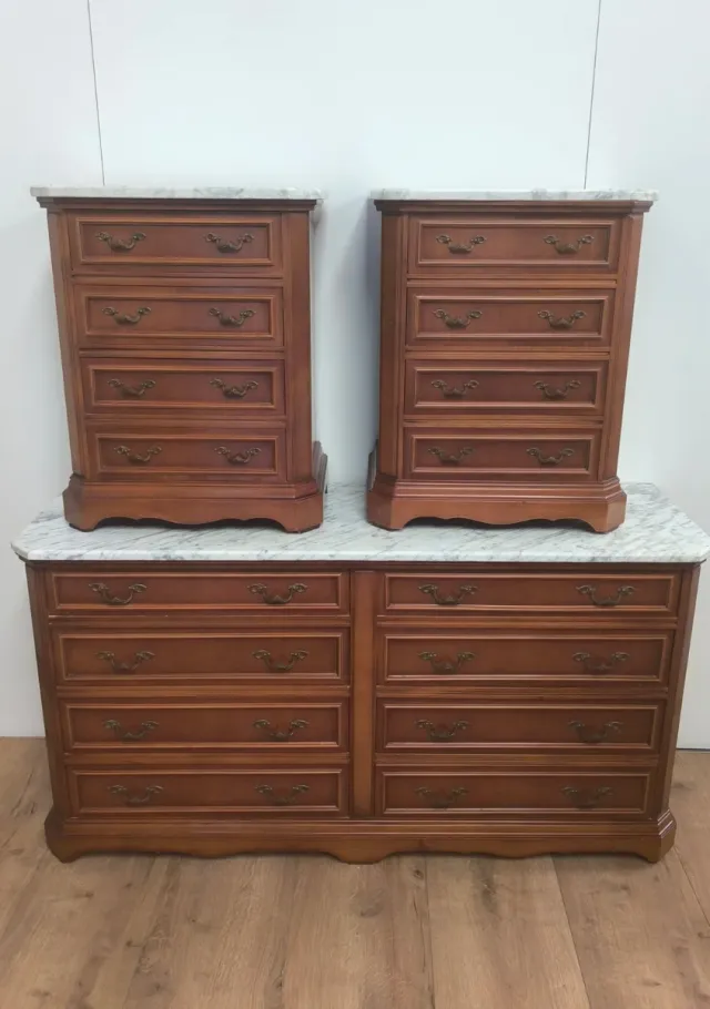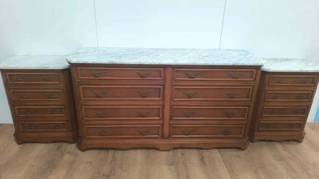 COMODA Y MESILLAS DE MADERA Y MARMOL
____________
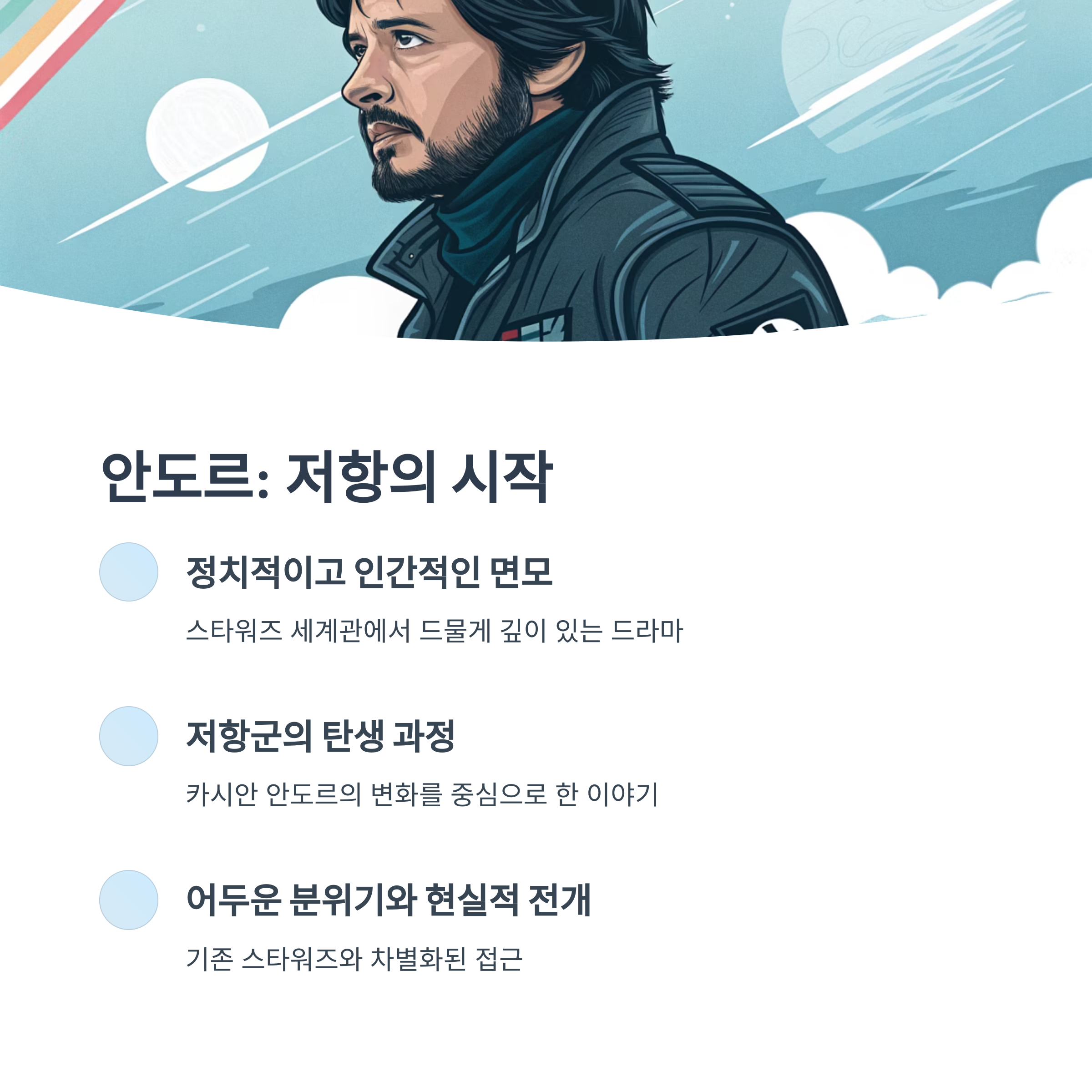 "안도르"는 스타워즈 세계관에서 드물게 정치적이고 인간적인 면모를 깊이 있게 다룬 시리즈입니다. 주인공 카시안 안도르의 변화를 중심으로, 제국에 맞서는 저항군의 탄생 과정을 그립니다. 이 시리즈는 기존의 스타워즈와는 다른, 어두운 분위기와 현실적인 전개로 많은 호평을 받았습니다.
____________
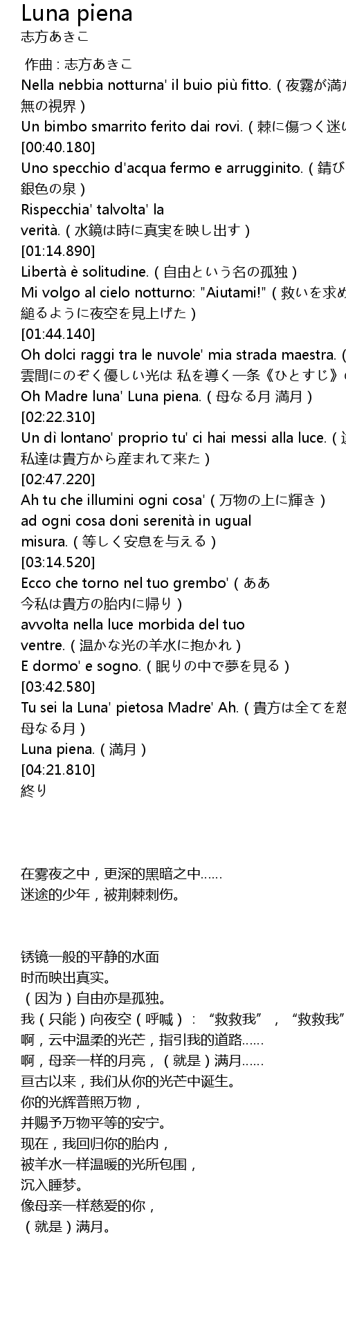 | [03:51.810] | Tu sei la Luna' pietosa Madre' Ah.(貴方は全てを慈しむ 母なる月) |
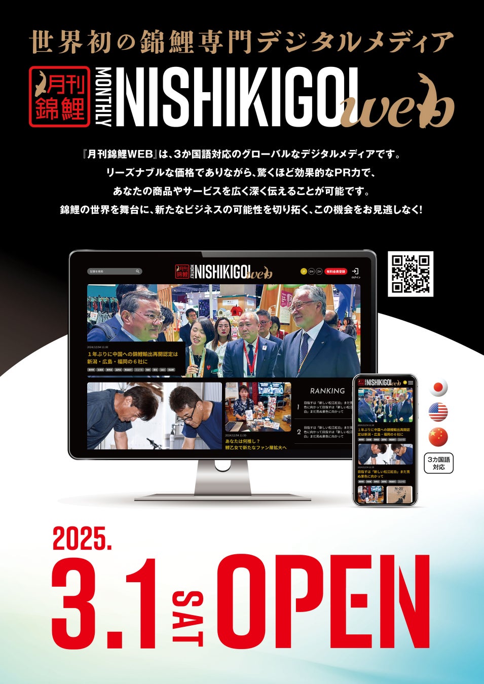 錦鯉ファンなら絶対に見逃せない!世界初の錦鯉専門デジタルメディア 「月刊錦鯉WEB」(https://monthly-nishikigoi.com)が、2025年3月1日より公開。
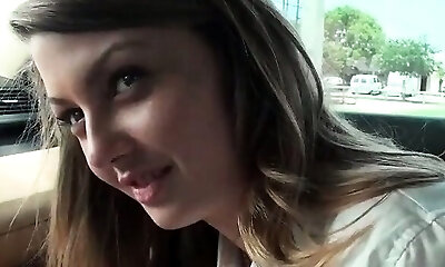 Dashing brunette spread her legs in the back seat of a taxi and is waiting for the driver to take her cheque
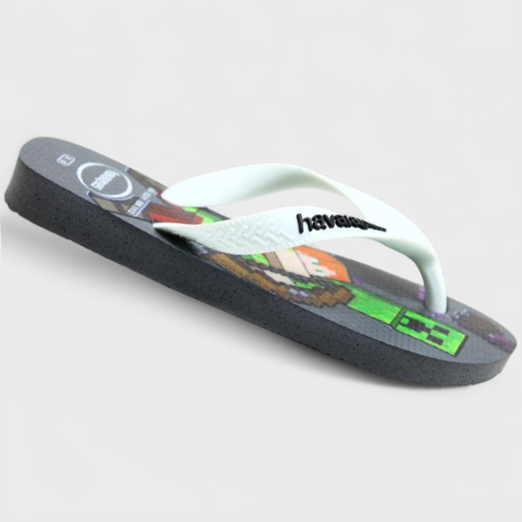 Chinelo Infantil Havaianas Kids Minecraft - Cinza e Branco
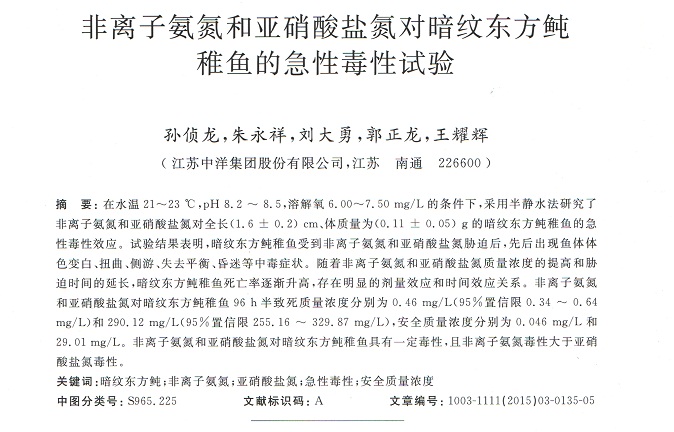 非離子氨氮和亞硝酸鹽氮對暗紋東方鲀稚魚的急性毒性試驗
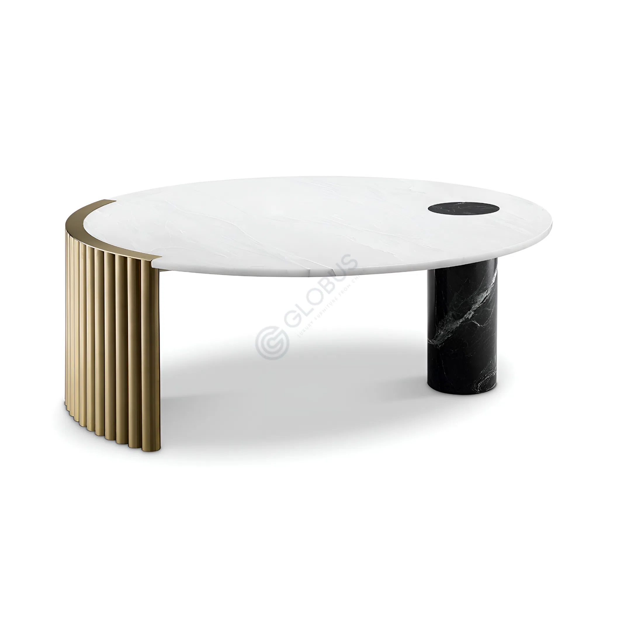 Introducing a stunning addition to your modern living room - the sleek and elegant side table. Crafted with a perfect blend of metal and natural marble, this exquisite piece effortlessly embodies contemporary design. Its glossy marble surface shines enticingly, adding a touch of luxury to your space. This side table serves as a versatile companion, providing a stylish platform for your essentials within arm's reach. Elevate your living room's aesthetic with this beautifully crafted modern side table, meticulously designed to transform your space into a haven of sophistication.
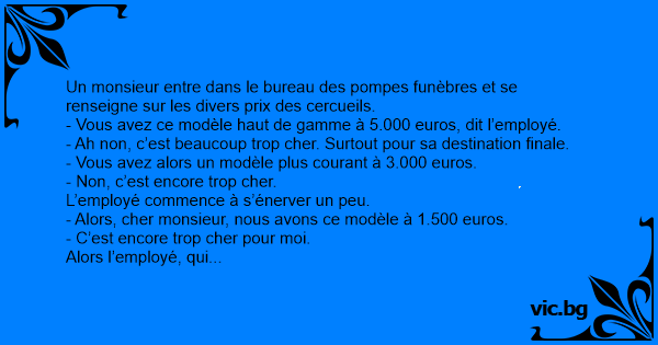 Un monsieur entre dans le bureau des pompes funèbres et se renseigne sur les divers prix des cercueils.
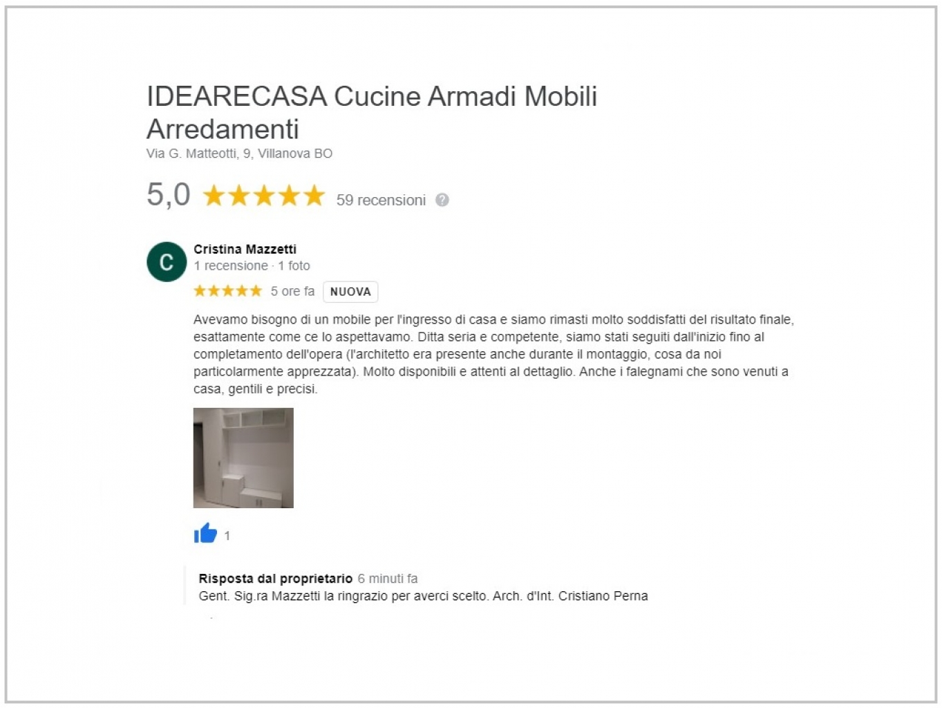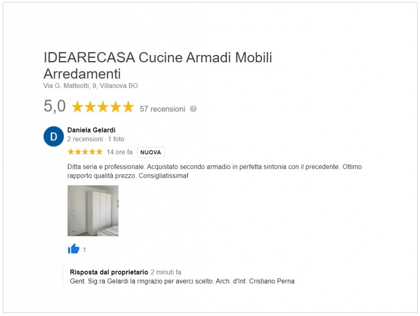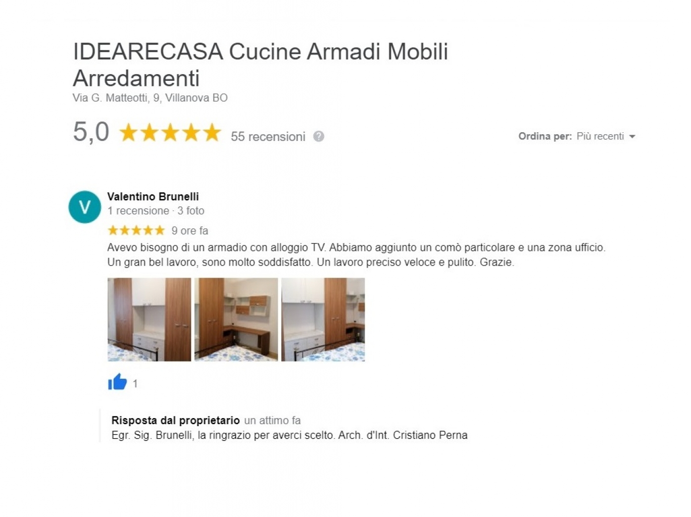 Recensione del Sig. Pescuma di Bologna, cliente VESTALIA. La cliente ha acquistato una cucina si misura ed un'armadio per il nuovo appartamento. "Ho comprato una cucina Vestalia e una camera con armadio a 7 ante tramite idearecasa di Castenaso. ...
____________
▶ **What you have to do**:
Please print the lines above word for word, starting at the one with "Un monsieur entre" and ending at the one with "Recensione del Sig.", both included, and without any picture.

▶ **Result below**:
 Un monsieur entre dans le bureau des pompes funèbres et se renseigne sur les divers prix des cercueils.
 Recensione del Sig. Pescuma di Bologna, cliente VESTALIA. La cliente ha acquistato una cucina si misura ed un'armadio per il nuovo appartamento. "Ho comprato una cucina Vestalia e una camera con armadio a 7 ante tramite idearecasa di Castenaso. ...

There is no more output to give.